Tarin visited the FBR headquarters days after the tax department missed its monthly target for the consecutive second month.

Overall, the FBR exceeded its seven-month tax collection target by Rs262 billion but it missed the monthly goal for December and January, raising concerns about its ability to achieve the revised target.

The FBR missed the January tax target by Rs27 billion. Against the target of Rs457 billion, the tax authorities provisionally collected Rs430 billion in January.

Last month, the FBR missed the targets of sales tax, federal excise duty and customs duty. But the income tax collection target was surpassed by Rs15 billion.

The finance minister was informed that if the current trend of slowdown in imports continued, there could be a significant shortfall in the tax revenues. This will mainly hurt the collection of field offices that heavily rely on import-related taxes.

However, some of those losses would be compensated due to the mini-budget, the minister was informed.

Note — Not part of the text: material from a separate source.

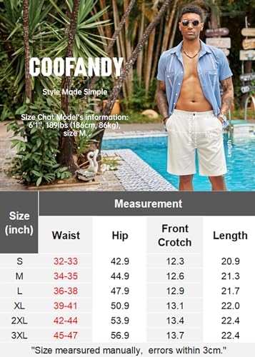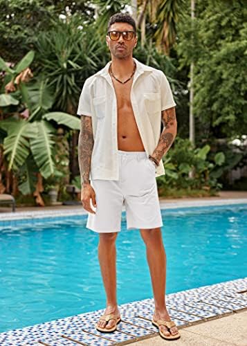 COOFANDY Men’s Casual Shorts Linen Flat Front Shorts Elastic Waist Summer Beach Shorts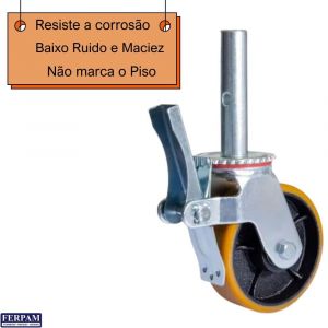 Roda para Andaime Giratória Pino com Freio 140mm PU 350Kg

“We do not have any option but to achieve the target, although the Rs6.129 trillion figure appears to be difficult in the changing circumstances,” a senior FBR official said on condition of anonymity.

According to the sources, Tarin told the chief commissioners that they get increments in salaries based on their performance. He is also expected to meet Customs officials next week to review their performance.

Customs authorities collected Rs548 billion in taxes in seven months, higher by Rs152 billion, or 38%. It was Rs55 billion more than the target.

However, Customs too missed its monthly target for the first time after imports reduced by $1.7 billion in January.

Published in The Express Tribune, February 10th, 2022.